About a month and a half ago, we reported on the story of a player who had apparently gotten their account hacked while they were using the new Blizzard Authenticator key, and it raised a lot of questions in players' minds about the only hardware Blizzard's ever made: just what does the Authenticator do to protect players' accounts? Have Authenticators actually prevented accounts from being hacked? And what would it take to, through social engineering or other methods, actually remove an Authenticator from an account?

At the time we published that first story (which was later disputed by a customer support representative), Blizzard contacted us here at WoW Insider, offering to clear up players' concerns about the new keys. We quickly submitted to them a few questions pulled from our own writers and a few submitted by readers, and they've now returned the answers to us -- you can find Blizzard's answers to our questions about the Authenticator after the break. Thanks to Blizzard for answering our questions about how these keys work, and clarifying some of the issues around their security.

WoW Insider: Can you, without going into details that would compromise the Authenticators, walk us through exactly how they work? Is the code usable only once, or is it available for a certain period of time after login? And what are the chances that someone could keylog the authenticator code and/or use it without the key?

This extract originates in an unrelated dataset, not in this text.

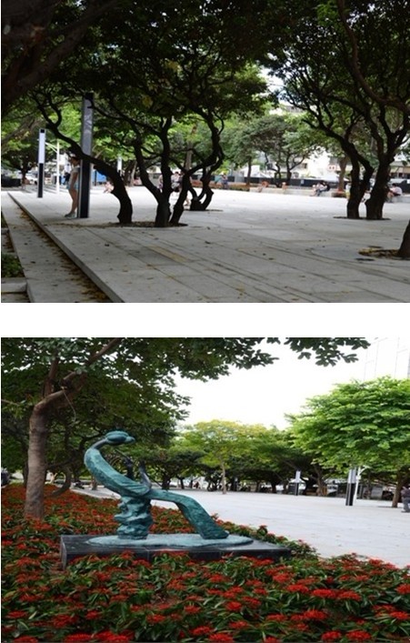 該項目以簡約的現代主義為設計原點,從整體空間以及城市肌理的角度充分考慮,運用“少即是多”的手法設計的道路空間保留了部分大樹,營造視線通透的開闊場地,提供行人與環境交流的良好場所,增添了景觀的藝術感和都市時代感,讓居住者得到更好的景觀設計體驗。

Blizzard: We've partnered with Vasco, which uses the same security technology as many major banks use to protect transactions that run through their systems and supplies some of the toughest security currently available. The Blizzard Authenticator can be tied to an individual account or multiple accounts. It supplies a random digital code that must be entered at login, providing an additional layer of security to help prevent unauthorized account access. Each code is valid for a limited time and can only be used once, so the Blizzard Authenticator must be in the possession of the account holder to log in to the account.

When we first heard about the person who got their account hacked while using the Authenticator, it appeared that whoever hacked the account had gotten the Authenticator removed from the account (though since then, Belfaire has told us on the forums that's not the case). What exactly is necessary to remove the Authenticator from an account? How easy or hard would it be for a hacker to do that through social engineering?

In the particular case you mention, the Authenticator was indeed never removed from the account, as our customer support representative Belfaire indicated in early August. I can also confirm that we have no verified occurrences of an account being compromised that has a Blizzard Authenticator attached to it.

As for removing the Authenticator from an account, if you have the Authenticator handy, you can log into Account Management with it and disassociate it from your account directly. If the Authenticator is lost or missing, the account holder would be required to contact our support staff and we would assist on a case-by-case basis. Given the security concerns involved, information on the specific steps we follow is not something we publicize. However, our support team is dedicated to helping genuine cases without risking players' accounts.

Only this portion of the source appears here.